Добрались до шалаша-штаба. Сдвинули столы и расселись за ними. Командир отдал приказание солдатам приготовить чай и еще раз полить стенки шалаша водой. Фарук молчал. Когда наконец чай и сладости оказались на столе, генерал попросил командира отправить солдат и начал разговор с информации о текущей ситуации в провинции. Обстановка, по его словам, обострялась, мятежники изгоняли представителей новой власти из мелких административных центров, перекрывали дороги, совершали нападения на отдельные гарнизоны и посты, в том числе уже и в непосредственной близости от Кандагара.

— Ваш полк, — заключил Фарук, — дислоцируется за городской чертой и может стать одной из первых целей мятежников, если они соберут достаточные силы и подойдут к городу.

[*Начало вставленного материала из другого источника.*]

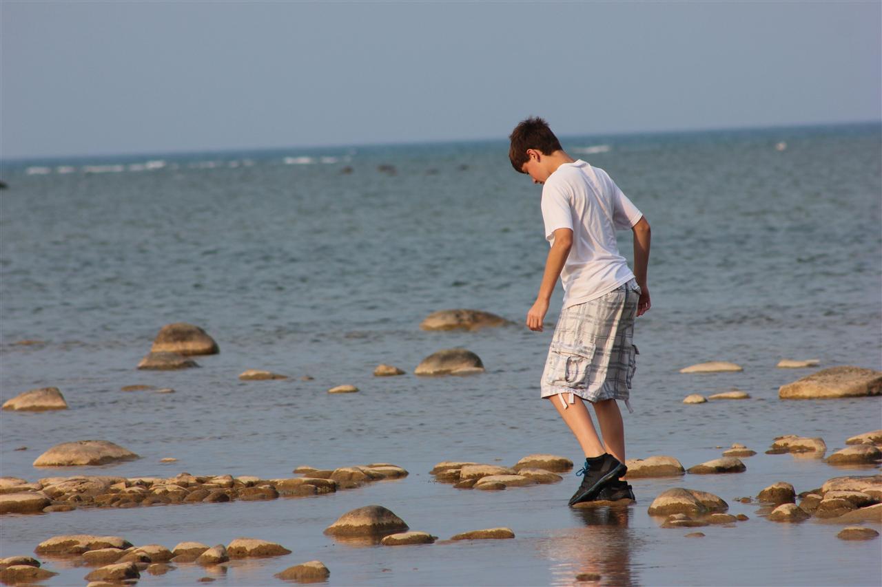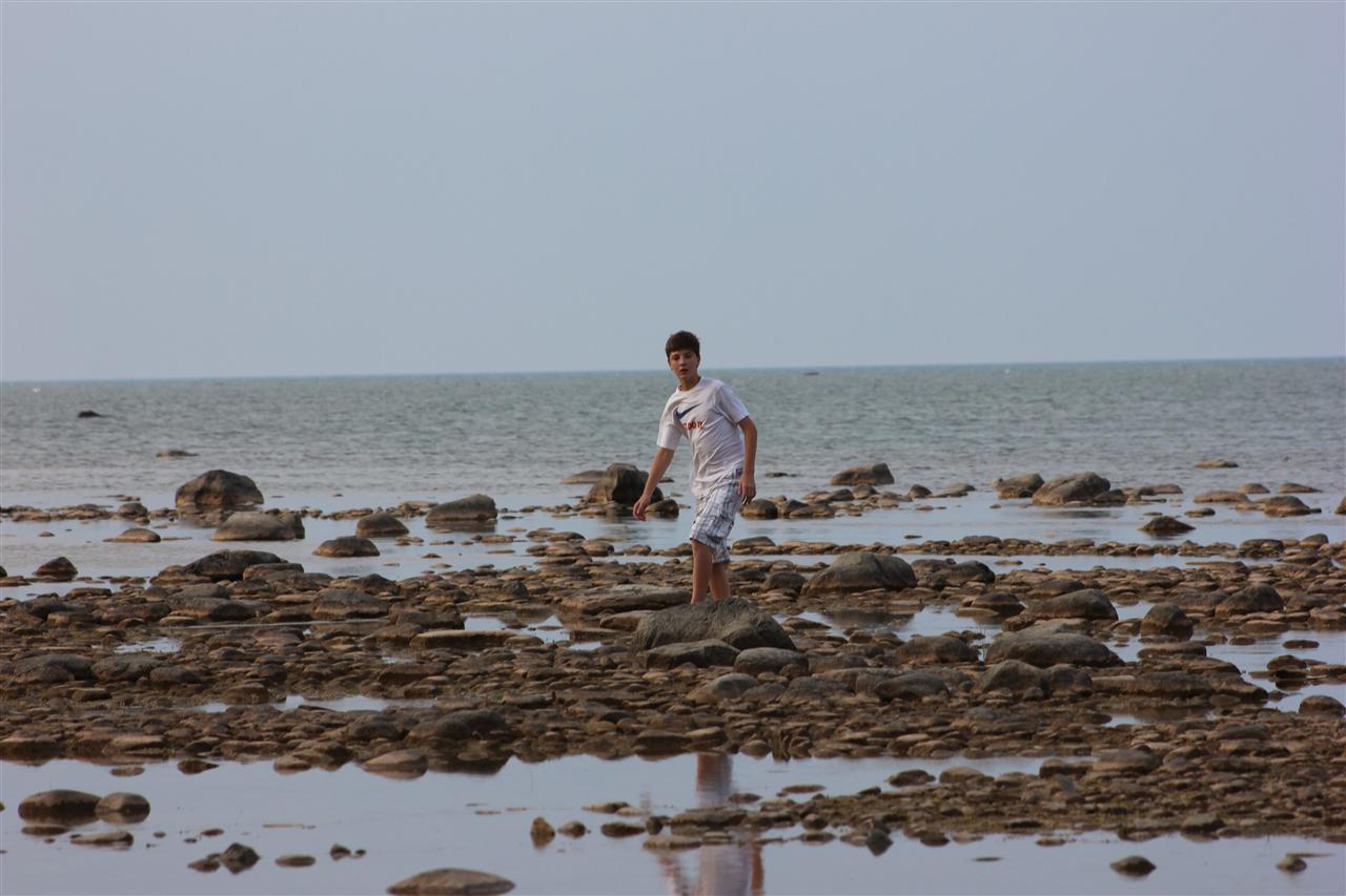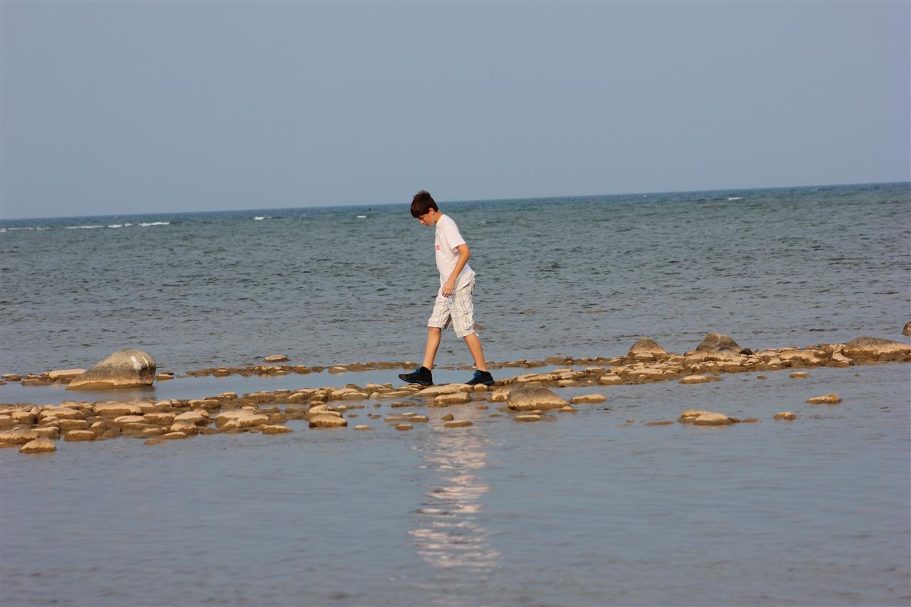 Tyler walking across the rocks...

Вам необходимо: первое — организовать охрану и оборону самого полка, и второе — в целом Кандагара с восточного направления. По второму пункту предложения доложите письменно. На исполнение двое суток.

Генерал говорил на дари, обращаясь к командиру полка, которому, собственно, он и ставил задачу. Дмитрий синхронно переводил сказанное советникам. Перевод давался очень тяжело. Мало того, что нужно было тщательно избегать не только ошибок, но и малейших неточностей — Фарук слишком хорошо знал русский язык, — откуда-то навалилась непонятная усталость. Не помогал даже крепкий чай, который Дмитрий пил, нарушая одну из главных заповедей переводчика — не отвлекаться за работой на еду и питье.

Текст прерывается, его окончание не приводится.